All of which is to say, the Raptors lost two guys who hadn’t been key pieces all season and one in Valanciunas who was replaced by someone who is significantly better at the same position. Gasol, while at 34 is eight years older than the big Lithuanian, is a three-time All-Star, two-time All-NBA, and a former Defensive Player of the Year. He scores, he rebounds, he passes, he even shoots threes. He’s the best centre the Raptors have ever had, just like that. In landing him, Toronto went from a team that was being passed as it stood still to striding aggressively back into the Eastern Conference race, otherwise known as the fight to be pantsed by the Golden State Warriors in the Finals.
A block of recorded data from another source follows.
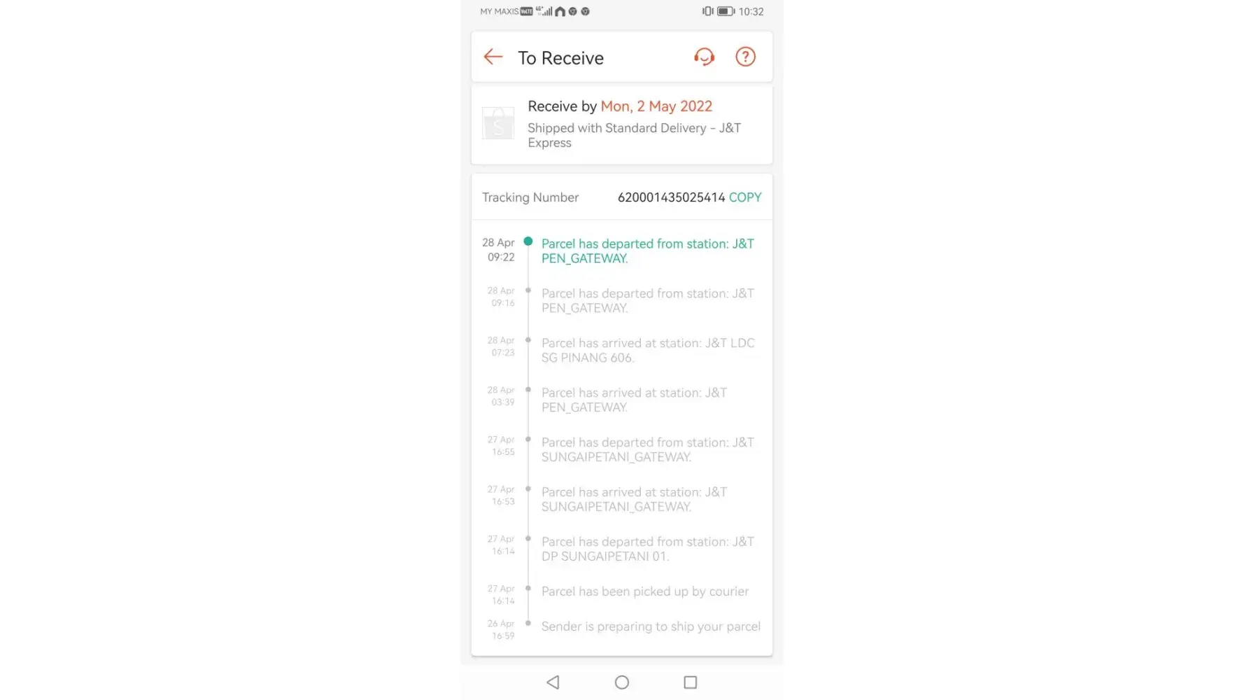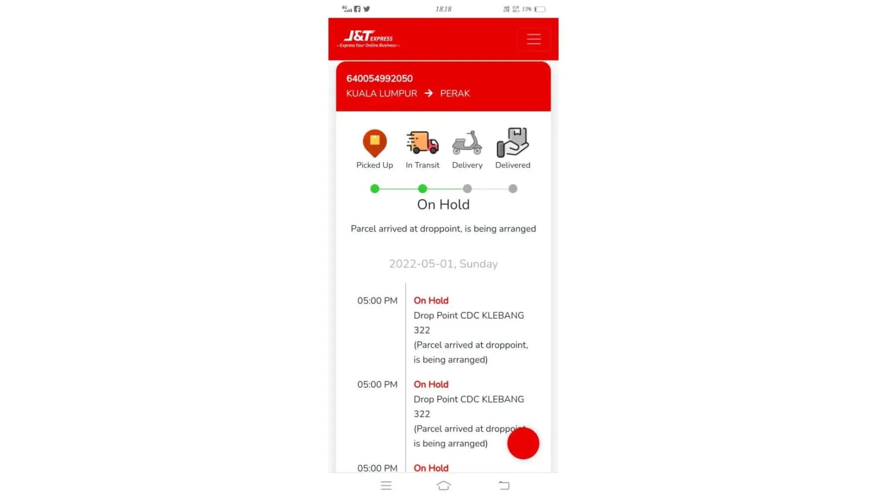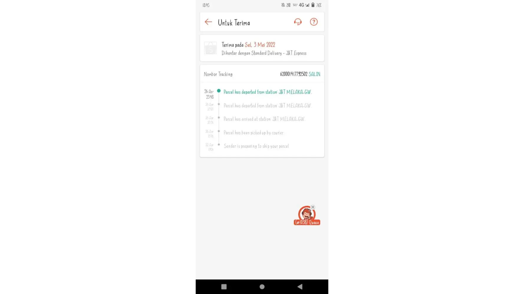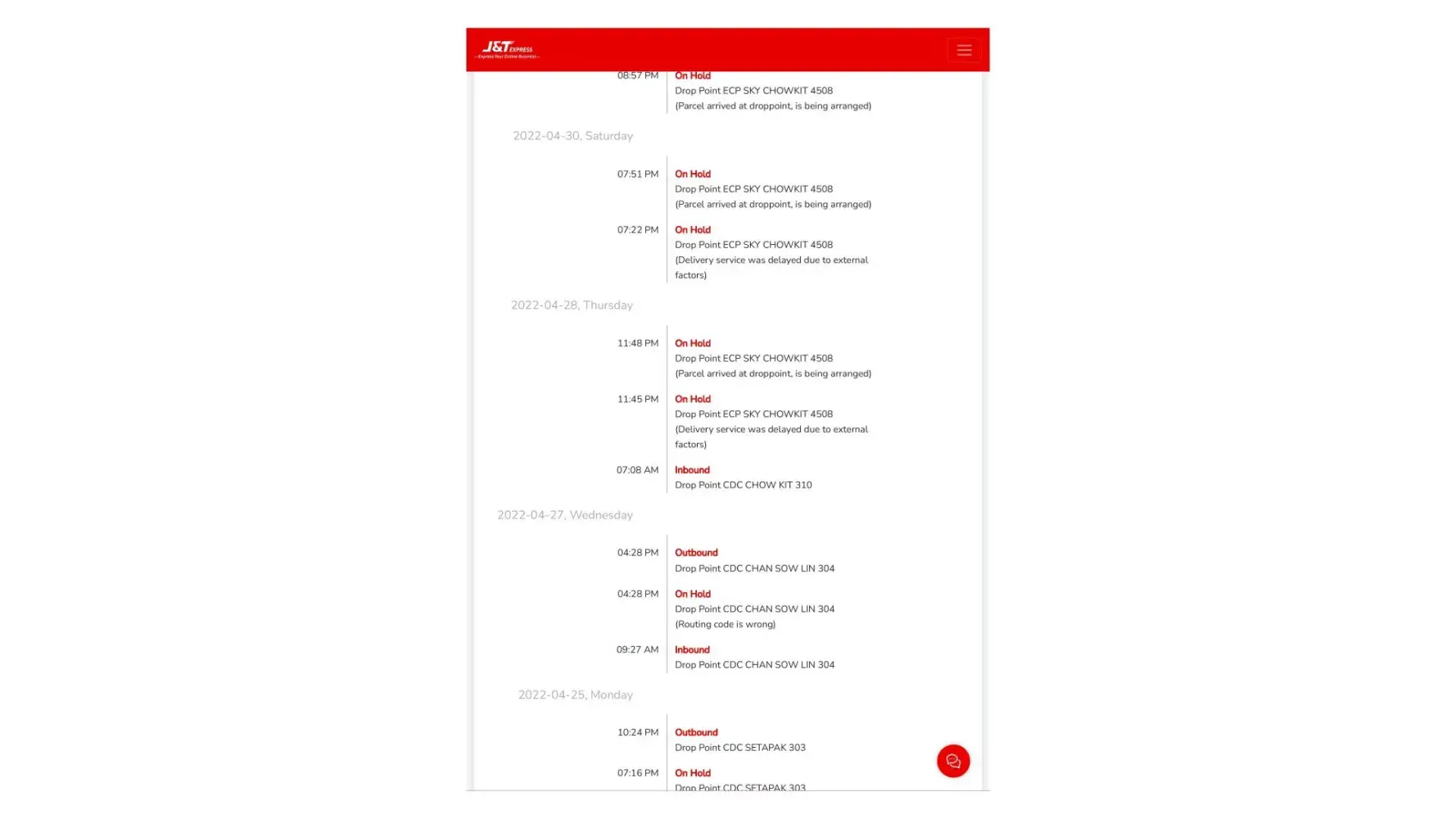 22 April 2022 - 26 April 2022 (still stuck at J&T MELAKA-GW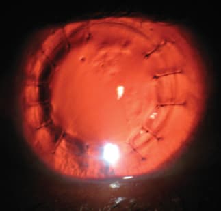 For a PK, the corneal surgeon uses a trephine to cut a full-thickness section from the recipient's cornea and then replaces it with donor tissue from a cadaver eye that has been screened for pathology and has a healthy endothelial cell count. Occasionally, smaller grafts are used as a patch in the case of corneal perforation (Figure 2). The graft is secured with a series of interrupted or running sutures. The patient is immediately put on short-term antibiotic drops to prevent infection and is put on long-term topical steroid drops to prevent rejection. Oral antivirals are given pre- and post-operatively if the patient has a history of herpes simplex to avoid reactivation of the virus. Visual recovery is slow and may take between six and 12 months. The sutures are often left in place indefinitely unless removed secondary to becoming loose or in an attempt to help correct for postoperative astigmatism. PK may be combined with cataract surgery if the patient has visually significant crystalline lens opacities. Unfortunately, in a combined procedure, postoperative refractive outcomes are difficult to predict secondary to the possibility of induced astigmatism from the PK procedure.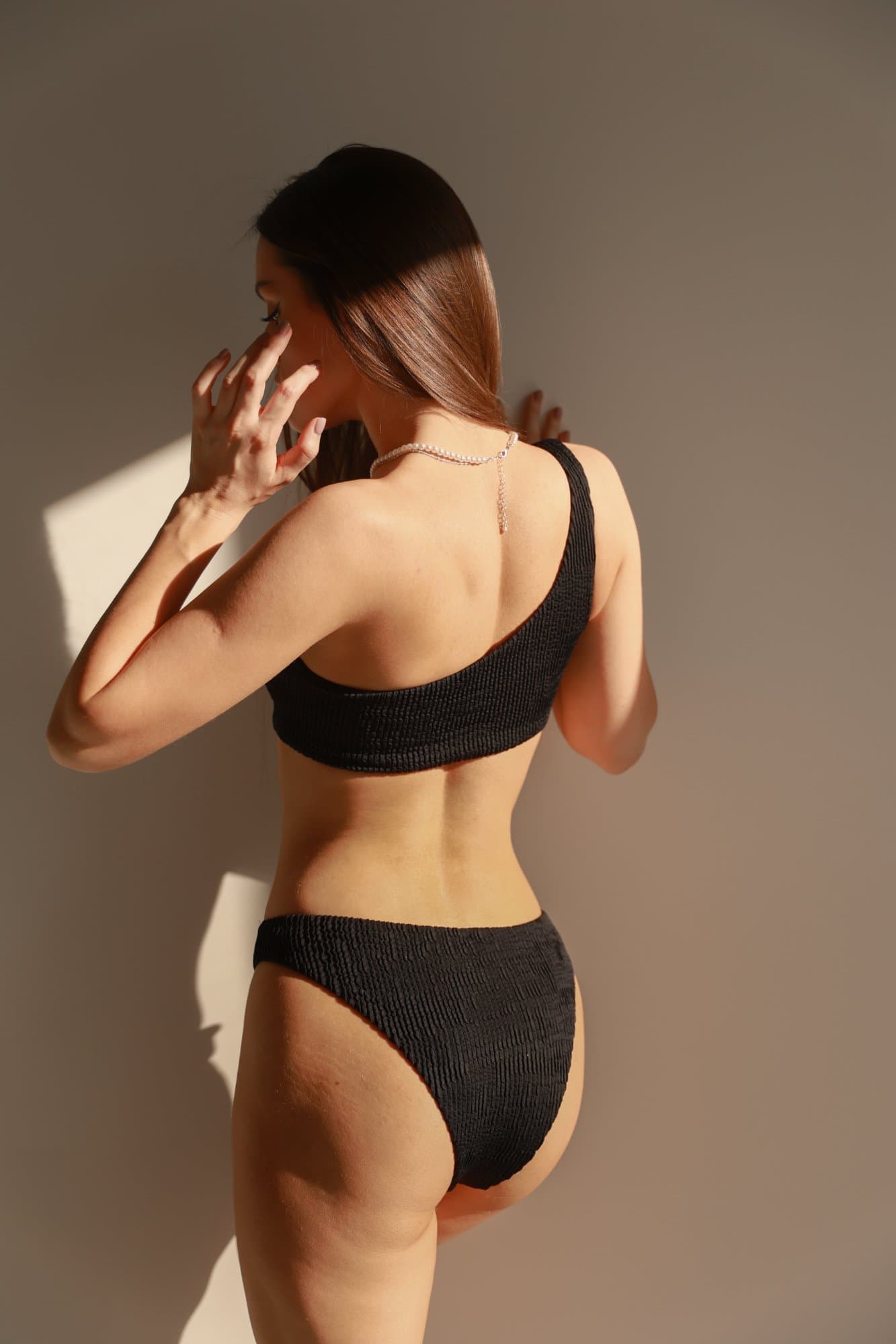 Склад: 95% поліамід, 5% еластан. Асиметрія – це один із ключових трендів сезону 2026, що дозволяє створити динамічний та сучасний образ. А жатка, її рельєфна структура, виглядає більш цікаво, ніж гладка, додаючи образу елегантності та певної «родзинки». З ЧАШКАМИ для підтримки та обʼєму. Трусики-бразиліани або інші: сліпи, стринги, з високою посадкою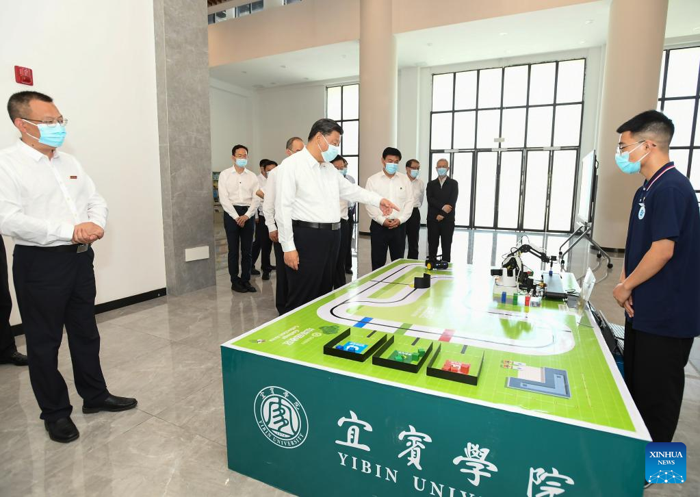 Chinese President Xi Jinping, also general secretary of the Communist Party of China Central Committee and chairman of the Central Military Commission, visits Yibin University in Yibin, southwest China's Sichuan Province, June 8, 2022. Xi made an inspection tour of southwest China's Sichuan Province on Wednesday. (Xinhua/Xie Huanchi)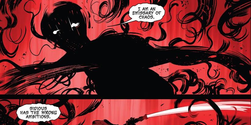Star Wars: Darth Maul – Negro, Blanco y Rojo #1. - Una entidad oscura vinculada al culto de la Ocultación Final insinúa que el rechazo del orden de la galaxia era inevitable, lo que provocó el fracaso de Palpatine junto con cualquier otra cosa que imponga el orden.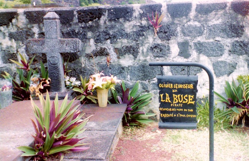 I cimiteri a Reunion sono tutti ben visibili dalla strada, con muri di cinta spesso bassi e pare siano messi apposta in evidenza per ricordarci la transitorietà della nostra esistenza. Alcuni come quello di St.Paul contengono i resti di personaggi famosi della storia o ricordano eventi tragici dell’isola e a questo proposito sono corredati all’entrata da una piccola mappa esplicativa…in particolare nel Cimitero Marino si può osservare la curiosa tomba del pirata Olivier Levasseur (con tanto di teschio ed ossa incrociate scolpite) detto la Buse (ovvero l’avvoltoio) catturato ed impiccato nel 1730, l’ossario dei naufraghi del Ker.Anna del 1894. Altri eventi meno famosi o persone morte anche in tempi recenti sono ricordate con delle lapidi o semplicemente con delle croci lungo tutta l’isola.E’ infatti frequente arrivare in una scogliera e trovare una croce con un epitaffio ai caduti del mare, oppure percorrere una spiaggia e leggere della storia di un ragazzo suicidato e così via; poi ci sono le testimonianze più nascoste di altre religioni: ricordo su un ponte sospeso in un precipizio dei fiori, delle scritte e delle offerte in cibo (probabilmente una pratica animista) in un piatto accanto ad una “globalizzata” bottiglia di Coca Cola semipiena.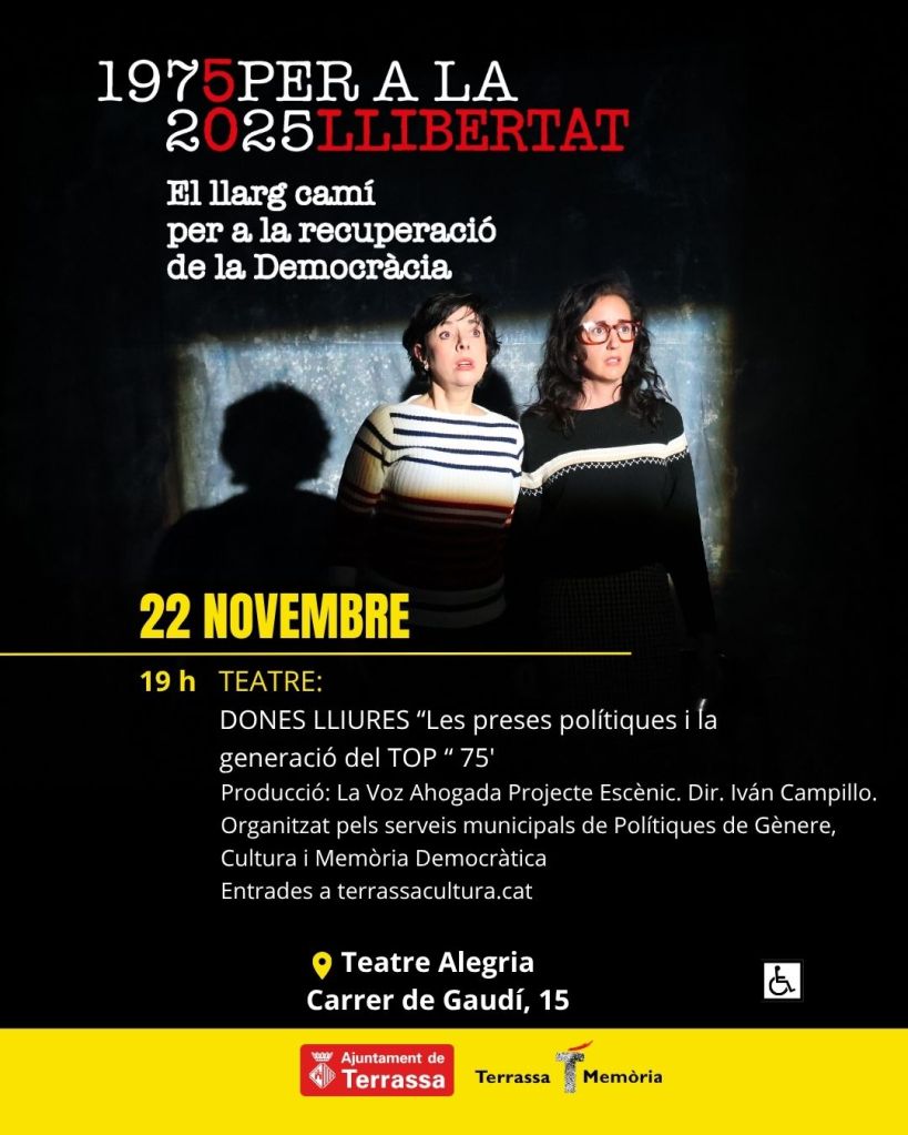Sábado 22, Obra de teatro “Dones Lliures” de La Voz Ahogada, al Teatre Alegría.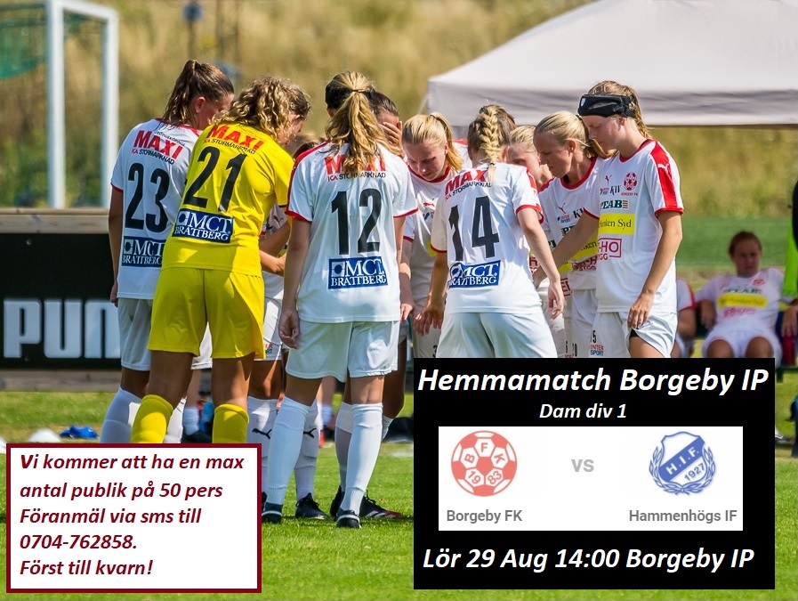 Dags för hemmamatch på Borgeby IP för vårt seniorlag i dam division 1 mot Hammenhög. Vi kommer att i enlighet med de senaste riktlinjer som finns vad det gäller Corona öppna upp för en begränsad publik på max 50 personer. Föranmälan krävs för inträde sms till 0704-762858. Biljettpris 60 kr. Först till kvarn!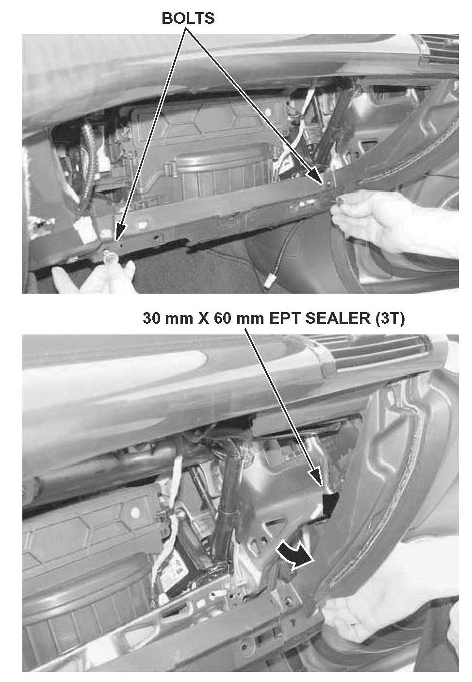 34. Cut one 30 mm x 60 mm piece of EPT sealer (31), and remove the adhesive backing. Pull out the lower-right corner of the dashboard, and apply the sealer to the dashboard frame.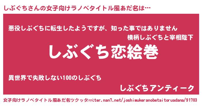 | 男性向けラノベタイトル風あだ名 | 『おまえをオタクにしてやるから、俺をしぶぐちにしてくれ! 』 |
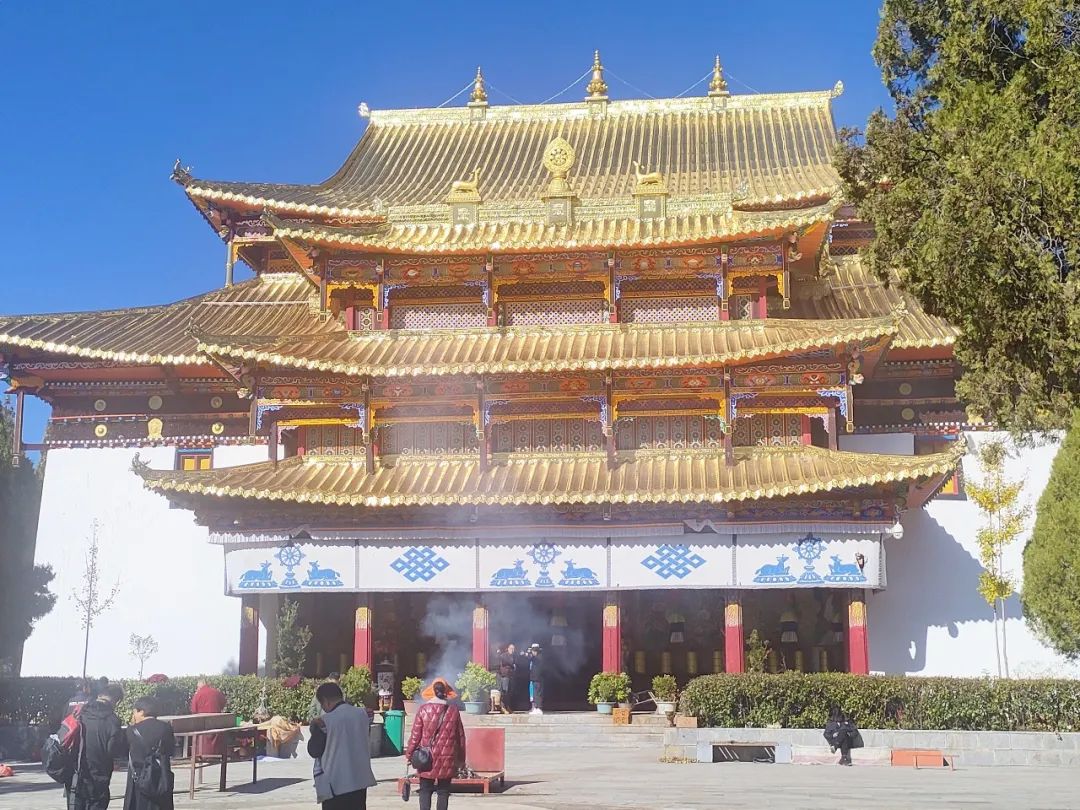 云南省重点文物保护单位扎美喇嘛寺位于永宁镇古尔山脚下,规模宏大、金碧辉煌,建筑风格融汉、藏为一体,与格姆山(狮子山)迎面相对,是滇川交界摩梭人、普米族区域最大的藏传佛教格鲁派(黄教)寺院,在信众中有较大影响力。寺院简介碑中明确记载,它始建于清康熙年间,因地处扎美村而得名。鼎盛时期有僧侣近千人,正殿、偏殿、禅房内共有近万尊大小佛像。1969年,大部分建筑和造像被毁,1986年重修正殿。扎美寺的现存壁画用笔精细、着色艳丽,造型形式丰富多彩,实现了佛教艺术世俗性和宗教性的完美结合,在各方面都具有极高价值。本土文艺家徜徉在这座古寺名刹,心生敬畏,感受了特色浓郁的多元文化。

After the Raptors were eliminated by the Cleveland Cavaliers in the playoffs last season, there was a point this summer in which it appeared a new coach would be the only significant change to the group that kept getting punched right in the face by LeBron James and his Infinity Glove in the post-season. But three of the four Raptors who played the most minutes against the Cavs last May — DeMar DeRozan, Miles, and Valanciunas — are now all gone. Four more players from that 13-man roster are also now all former Raptors: Wright, Jakob Poeltl, Lorenzo Brown and Bebe Nogueira. While everyone wondered what Ujiri would do after another embarrassing playoff exit, we now have our answer: He blew it up. It may have taken a little time, but he has turned over more than half the roster, plus the coaching staff, of the best Raptors team that its fans had ever known.

Asked Thursday morning in Atlanta if he expected his roster to change, head coach Nick Nurse said: “I don’t think so, but what do I know?” Either not much, or that was an excellent poker face he displayed.

After Thursday night’s game, in which an undermanned Raptors squad eventually overcame a young Hawks team, Nurse said he was excited to see what Gasol would mean to his roster. But he also said he was sorry to lose the players that were shipped out. The coach was unusually soft-spoken after the win, and said it had been a tough day. As an assistant he had worked closely with Valanciunas over many years, often travelling overseas in the summer to see him. “I’ll miss him,” Nurse said. “I miss him already.” It’s a fun game, professional sports, but a hard business.

The Raptors are doing all they can to get to the NBA Finals this season, but you already knew that.